- Task statement -
Return all of the data exactly as written, without the pictures.
+ + + + +
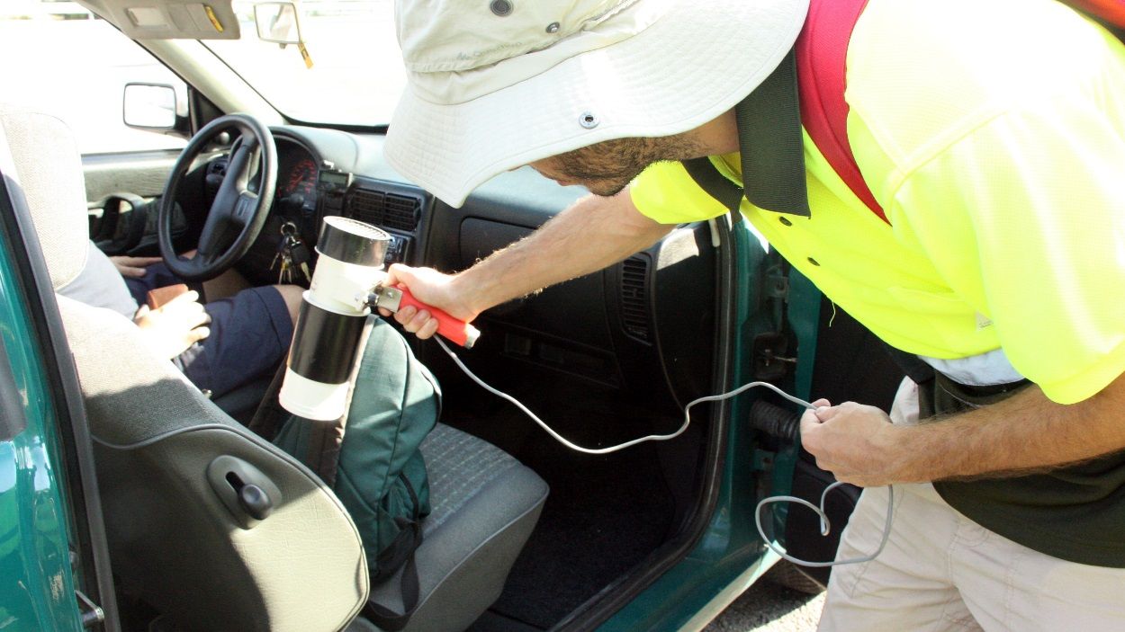 Un investigador del CREAF passant un aspirador pels seients d’un cotxe a la recerca de mosquits tigre / ACN (Mar Martí)
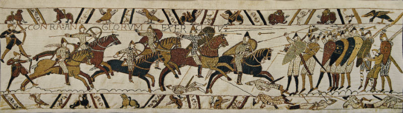 The Bayeux Tapestry Battle scene shows the conclusive Battle of Hastings in 1066 as the Norman army of Duke William of Normandy battle the Saxons led by King Harold. Our most popular Bayeux Tapestry wall-hanging.
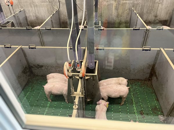 Les premiers porcelets entrés à la station ont pu être observés et photographiés grâce notre vitrine technologique, laquelle permet de voir les animaux dans les chambres de pouponnière et engraissement sans entrer directement dans nos installations, pour des raisons de biosécurité.
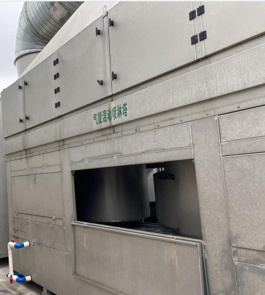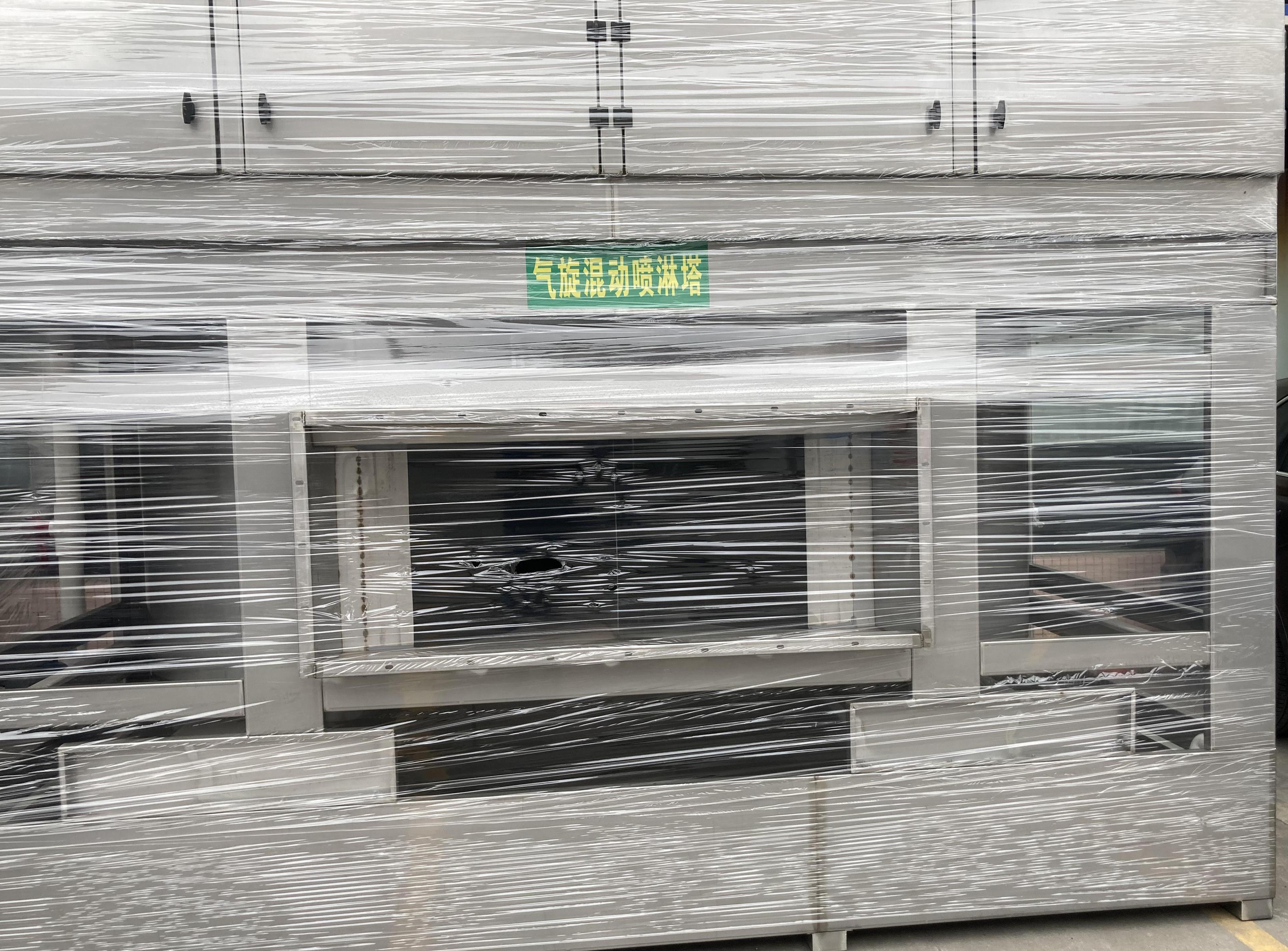 原理简述:气旋喷淋塔在离心力作用下,含尘气体呈横向向心运动,含尘气体停留时间更长,洗涤效果更好,彻底改善了喷淋塔在某些特定工况下存在的除尘不彻底、水喷淋塔容易堵塞等技术缺陷。产品采用专利技术,避免水泵及喷头的堵塞,大大提高生产效率,其中水池的水可循环使用,避免产生二次污染造成的困扰,更节约了水资源。气旋塔内安装有1个或2个“圆形旋流桶”和高效除雾板。旋流桶内放有实心填料球,上层的除雾板用来净化水雾,达到脱水雾的目的,含尘气体在塔内旋流上升、并在各板上与由塔顶进入的液体旋流接触,完成除尘任务;通过离心力的作用,废气中的大颗粒沉入水池, 由人工捞出清理机壳,这样气体得到净化,同时气旋塔内的水可以继续循环使用。
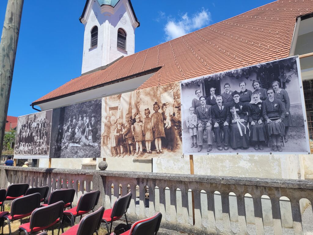 pokopališča so bile nameščene zgodovinske slike družin, vojakov in prve vaške
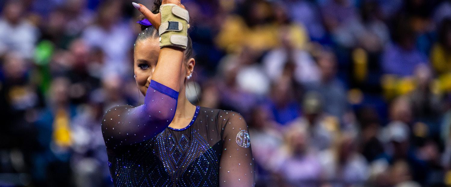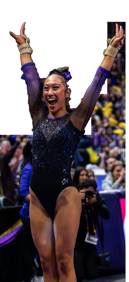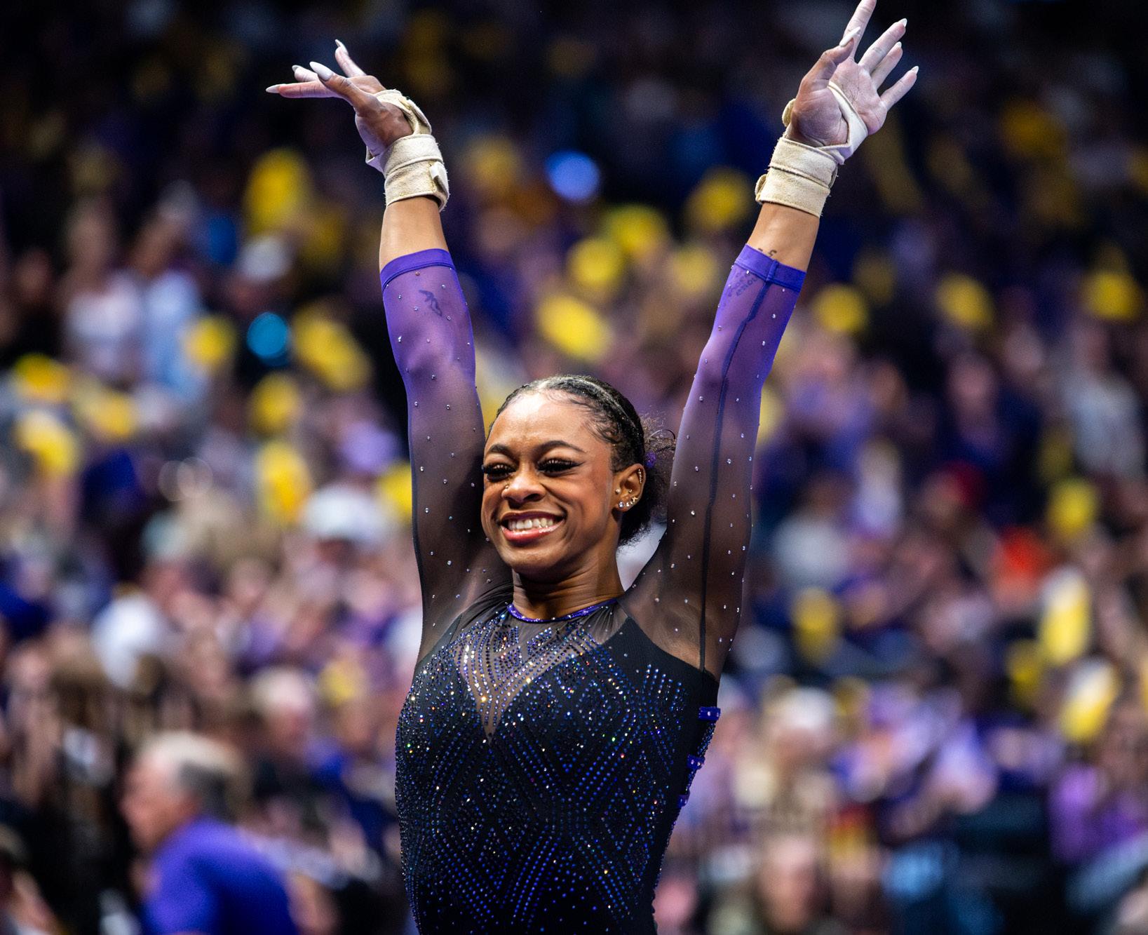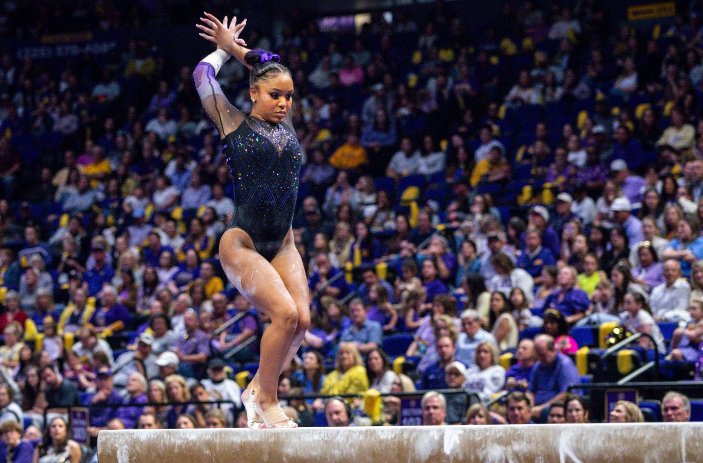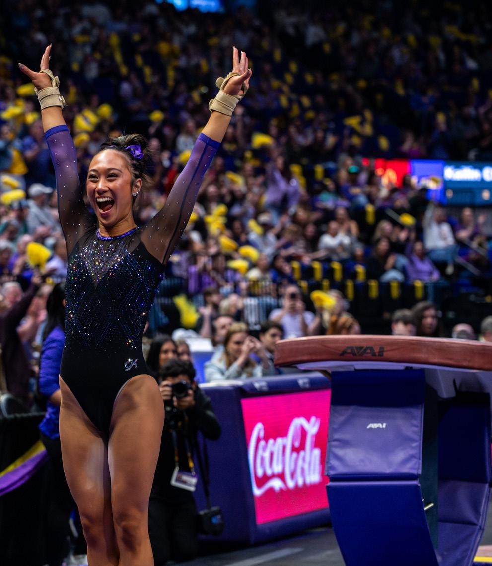 While Chio reached perfection on the vault, balance beam and floor, Bryant saw her historic night at home against West Virginia on the vault, uneven bars and floor. Bryant’s performance marked a night to remember, and the 33-time All-American gymnast would go on to set the LSU record for the most perfect scores earned in one season the next season, with eight 10s to her name.
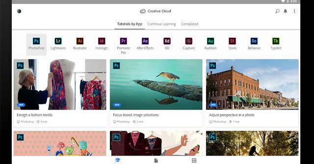 Sở hữu những ứng dụng Creative Cloud tốt nhất cùng video và hướng dẫn hấp dẫn. Lọc ứng dụng bạn yêu thích, đồng thời, theo dõi tiến trình làm việc qua hàng loạt hướng dẫn chi tiết trong Adobe Creative Cloud cho Android .
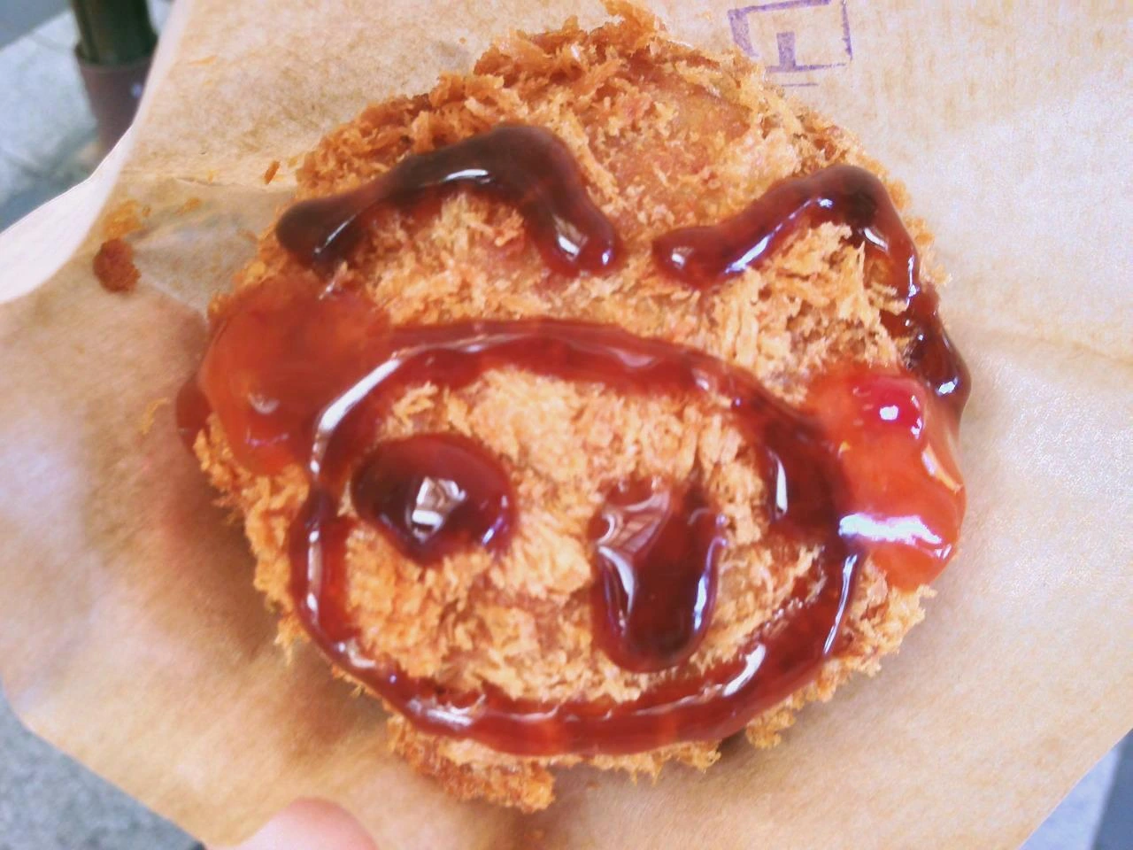소스로 돼지를 그려주며 건네 준 고로케 속에는 고기가 꽉 차 있었고 고기 맛이 풍부했다.
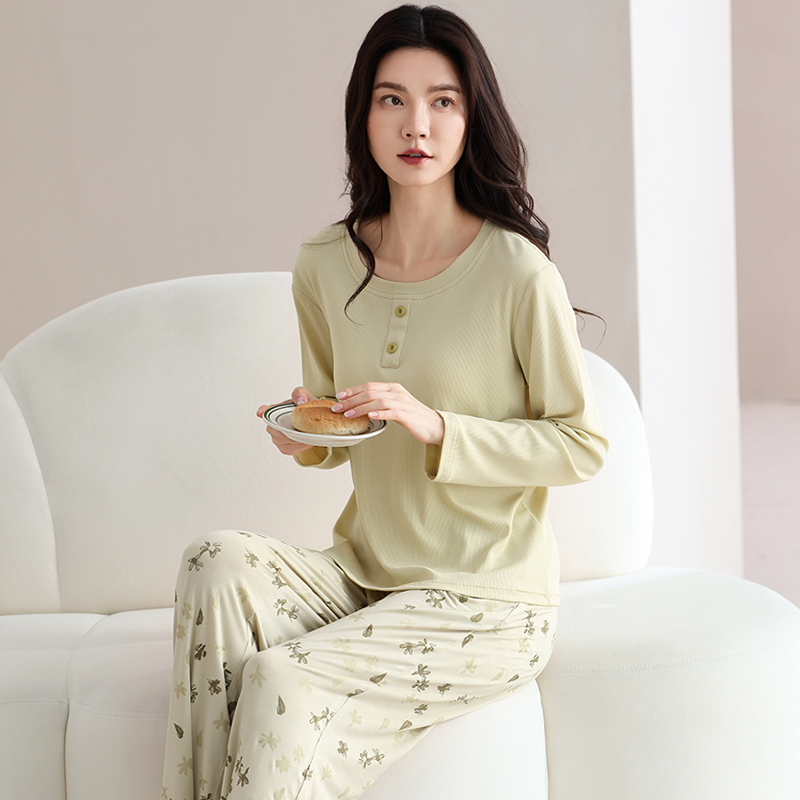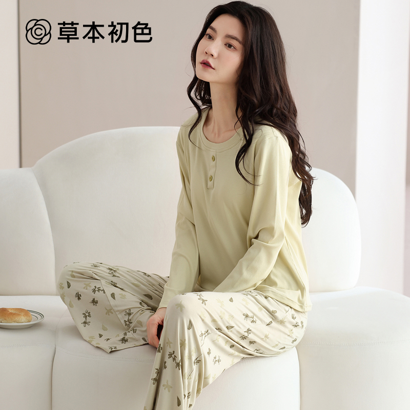 草本初色带胸垫100%纯棉免穿文胸长袖 可外穿睡衣女士家居服套装
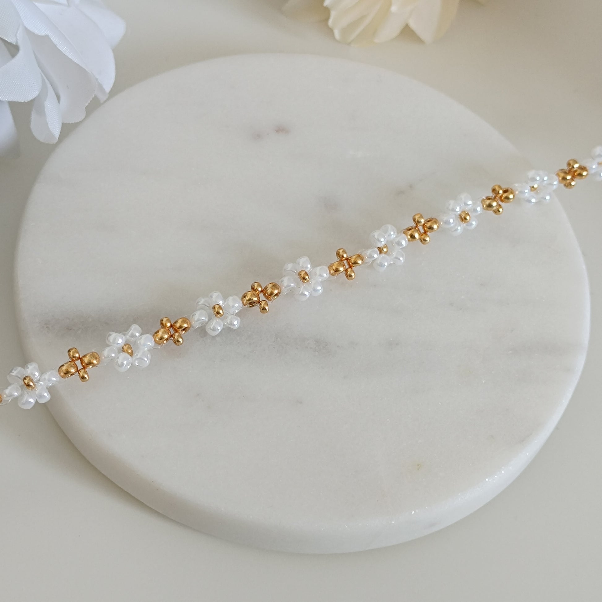Plonge dans un univers de dĂ©licatesse et de raffinement avec le Sparkling Daisy, une crĂ©ation oĂč le dorĂ© et les perles sâentrelacent pour sublimer ton poignet. InspirĂ© par la beautĂ© des fleurs de marguerite, il capture toute la poĂ©sie dâun jardin ensoleillĂ©.
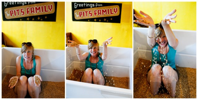 Third stop, The Cherry Republic. For those who don’t know (as in, me, a couple weeks ago), most of the nation’s cherries come from northern Michigan. Translation: Traverse City is an edible shrine to cherry goodness. In The Cherry Republic, we were able to sample every variety of cherry product: chocolate covered cherries, cherry salsa, cherry dusted tortilla chips (why yes, I do now require all my munchies dusted in cherry!), cherry jam, cherry chutney, cherry trail mix, etc. Furthermore, the chirpy saleslady informed me that anything in the store could be opened and sampled and I am pretty sure I abused that policy. I then further blew my cool cover by jumping in the giant bin of cherry pits to have my picture taken.
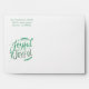 This fun and bold envelope is the perfect compliment to your Christmas cards. This design features a hand lettered "Joyful, Joyful" Christmas greeting in a forest, pine, emerald green colour palette. This design features an area for your return address, a greeting on the front and flap, and a scattered dot pattern on the inside. You can find the complimentary holiday photo card and gifts in my Zazzle store.
+ + + + +
- Response area -
 Un investigador del CREAF passant un aspirador pels seients d’un cotxe a la recerca de mosquits tigre / ACN (Mar Martí)
 The Bayeux Tapestry Battle scene shows the conclusive Battle of Hastings in 1066 as the Norman army of Duke William of Normandy battle the Saxons led by King Harold. Our most popular Bayeux Tapestry wall-hanging.
 Les premiers porcelets entrés à la station ont pu être observés et photographiés grâce notre vitrine technologique, laquelle permet de voir les animaux dans les chambres de pouponnière et engraissement sans entrer directement dans nos installations, pour des raisons de biosécurité.
 原理简述:气旋喷淋塔在离心力作用下,含尘气体呈横向向心运动,含尘气体停留时间更长,洗涤效果更好,彻底改善了喷淋塔在某些特定工况下存在的除尘不彻底、水喷淋塔容易堵塞等技术缺陷。产品采用专利技术,避免水泵及喷头的堵塞,大大提高生产效率,其中水池的水可循环使用,避免产生二次污染造成的困扰,更节约了水资源。气旋塔内安装有1个或2个“圆形旋流桶”和高效除雾板。旋流桶内放有实心填料球,上层的除雾板用来净化水雾,达到脱水雾的目的,含尘气体在塔内旋流上升、并在各板上与由塔顶进入的液体旋流接触,完成除尘任务;通过离心力的作用,废气中的大颗粒沉入水池, 由人工捞出清理机壳,这样气体得到净化,同时气旋塔内的水可以继续循环使用。
 pokopališča so bile nameščene zgodovinske slike družin, vojakov in prve vaške
 While Chio reached perfection on the vault, balance beam and floor, Bryant saw her historic night at home against West Virginia on the vault, uneven bars and floor. Bryant’s performance marked a night to remember, and the 33-time All-American gymnast would go on to set the LSU record for the most perfect scores earned in one season the next season, with eight 10s to her name.
 Sở hữu những ứng dụng Creative Cloud tốt nhất cùng video và hướng dẫn hấp dẫn. Lọc ứng dụng bạn yêu thích, đồng thời, theo dõi tiến trình làm việc qua hàng loạt hướng dẫn chi tiết trong Adobe Creative Cloud cho Android .
소스로 돼지를 그려주며 건네 준 고로케 속에는 고기가 꽉 차 있었고 고기 맛이 풍부했다.
 草本初色带胸垫100%纯棉免穿文胸长袖 可外穿睡衣女士家居服套装
Plonge dans un univers de dĂ©licatesse et de raffinement avec le Sparkling Daisy, une crĂ©ation oĂč le dorĂ© et les perles sâentrelacent pour sublimer ton poignet. InspirĂ© par la beautĂ© des fleurs de marguerite, il capture toute la poĂ©sie dâun jardin ensoleillĂ©.
 Third stop, The Cherry Republic. For those who don’t know (as in, me, a couple weeks ago), most of the nation’s cherries come from northern Michigan. Translation: Traverse City is an edible shrine to cherry goodness. In The Cherry Republic, we were able to sample every variety of cherry product: chocolate covered cherries, cherry salsa, cherry dusted tortilla chips (why yes, I do now require all my munchies dusted in cherry!), cherry jam, cherry chutney, cherry trail mix, etc. Furthermore, the chirpy saleslady informed me that anything in the store could be opened and sampled and I am pretty sure I abused that policy. I then further blew my cool cover by jumping in the giant bin of cherry pits to have my picture taken.
 This fun and bold envelope is the perfect compliment to your Christmas cards. This design features a hand lettered "Joyful, Joyful" Christmas greeting in a forest, pine, emerald green colour palette. This design features an area for your return address, a greeting on the front and flap, and a scattered dot pattern on the inside. You can find the complimentary holiday photo card and gifts in my Zazzle store.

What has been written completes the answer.